With lithography scaling on hold and the silicon MOSFET losing its 40-odd-year grip on scalability, how can the industry continue to squeeze scaling?
Modified by Greg Yeric from original by Eric Fischer
Gordon Moore penned his famous observation in an era when the people developing the process were also the people designing the circuits. Over time, things got more complicated and work specialization set in, but all was well in the world for many years as the fabs kept delivering on Moore’s Law. Yes, designers had to come up with lots of tricks to advance power and performance scaling, but that’s Dennard’s problem, not Moore’s. As a designer in the present day, if you view Moore’s Law from that original, unilateral perspective, then Moore’s Law is indeed long gone.
Or at least on an extended vacation.
Lithography scaling is on hold and the silicon MOSFET is losing its 40-odd-year grip on scalability. I’d like to use this forum to provide a few observations along these lines, which fall into two categories: (1) squeezing existing technology harder and (2) path-finding to the best solution in an increasingly complicated set of technology scaling options.
Time to do some stairs
While area scaling from 16nm to 10nm is advertised at 1.9x, the devil’s in the details once you hop off the lithography-enabled scaling ride. And no matter what area scaling you arrive at, it’s going to be offset by a hefty increase in process cost, not to mention an increasingly ornery set of second-order effects such as variation, interconnect parasitics, and reliability. For instance, to surmount the lack of direct scaling in contacted transistors, the industry has already absorbed the costs of 5 new middle-of-line masks, and in 10nm these will need more multiple patterning steps in order to keep shrinking, plus the multiple patterning will now have to extend into the routing layers. Any time you add a multiple patterning mask, you can rest assured that you will back off from the pitch-enabled scaling entitlement (and of course pay more). What’s worse, some of the critical layers may very well need to extend beyond double patterning into triple for 10 and likely quadruple for 7. And if double patterning can make a designer cry in his beer, then quadruple patterning will make him switch to scotch.

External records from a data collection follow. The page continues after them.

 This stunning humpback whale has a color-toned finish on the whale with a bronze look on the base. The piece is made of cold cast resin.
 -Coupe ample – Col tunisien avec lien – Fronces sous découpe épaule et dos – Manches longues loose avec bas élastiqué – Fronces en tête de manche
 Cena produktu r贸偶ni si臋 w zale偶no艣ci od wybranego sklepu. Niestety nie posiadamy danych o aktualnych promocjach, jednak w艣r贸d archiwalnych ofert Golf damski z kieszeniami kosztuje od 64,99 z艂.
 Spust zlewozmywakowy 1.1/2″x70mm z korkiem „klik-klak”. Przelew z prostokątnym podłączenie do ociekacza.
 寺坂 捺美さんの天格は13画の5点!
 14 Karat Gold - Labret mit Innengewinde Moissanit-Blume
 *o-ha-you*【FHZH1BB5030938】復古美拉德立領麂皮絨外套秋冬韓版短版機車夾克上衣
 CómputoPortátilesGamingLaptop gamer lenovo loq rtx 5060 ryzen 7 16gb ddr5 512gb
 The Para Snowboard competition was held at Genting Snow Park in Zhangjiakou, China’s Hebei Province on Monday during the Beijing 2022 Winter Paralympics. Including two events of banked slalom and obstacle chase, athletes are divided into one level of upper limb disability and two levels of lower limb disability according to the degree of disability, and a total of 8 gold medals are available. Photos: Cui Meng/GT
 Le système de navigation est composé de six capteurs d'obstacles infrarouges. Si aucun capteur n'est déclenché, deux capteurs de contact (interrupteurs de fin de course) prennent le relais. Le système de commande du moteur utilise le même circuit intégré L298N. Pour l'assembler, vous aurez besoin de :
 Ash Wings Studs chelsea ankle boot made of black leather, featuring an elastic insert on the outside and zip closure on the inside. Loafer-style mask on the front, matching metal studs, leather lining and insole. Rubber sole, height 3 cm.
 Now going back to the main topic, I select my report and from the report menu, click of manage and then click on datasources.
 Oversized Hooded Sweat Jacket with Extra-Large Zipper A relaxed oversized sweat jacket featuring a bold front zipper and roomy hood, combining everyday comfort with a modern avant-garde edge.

The first thing we can do to attempt to offset the process scaling difficulties is to work harder with what we have. One angle is to dig into the second-order issues and weed out areas of over-margin. In analogy to peak oil, we have to continue to invest in our industry’s version of deep water drilling and fracking. The three issues I mentioned above are all candidates for this concept. With respect to variation, most consumer product designs are still corner-based in their approach, and this is clearly a leading contender for turnip-squeezing. It is slightly amusing to consider that the actual chip that is simulated and signed off is statistically guaranteed to never actually exist. There are potential baby steps between SS/FF and SSTA, which we can call xOCV. An encouraging development here is the Liberty TAB’s openness toward added slew/load dimensions in derate tables. We can throw into this discussion a better understanding of tracking between various VT and L device flavors.
As multi-patterning extends into the routing layers, a very similar opportunity exists with margining of wire parasitics. In the case of Litho-Etch-Litho-Etch (LELE) processing, coupling capacitance now varies as a function of mask alignment. The simple way to deal with this is to multiply by additional LELE worst case corners. But, in the real world there is not a uniform shift across the die, and thus the smell of opportunity analogous to xOCV. Consider thermal distortion effects, which are partly layout-dependent, and LDE are always a good place to start when turning over margining rocks.
Self-aligned double patterning (SADP) is one option proposed that could alleviate some of the LELE problems, but it doesn’t come for free either. For instance, if the spacer is the dielectric, you end up with much less variation in coupling capacitance. For the same reason, whoever is in charge of interconnect dielectric integrity also has got to love SADP. You also get less LER with a spacer-defined technology. However, SADP would re-introduce us to forbidden pitches, so its overall scaling will be less than desired. Second, it introduces us to extra constraints around adjacent line ends, as illustrated in the figure below.
(to be published at ISPD 2014)
As shown above, sometimes the solution to an SADP hot spot is the counter-intuitive extension of a line end. You clearly need to route some full designs in order to understand what SADP (or any new lithography technique) is going to be able to provide for you.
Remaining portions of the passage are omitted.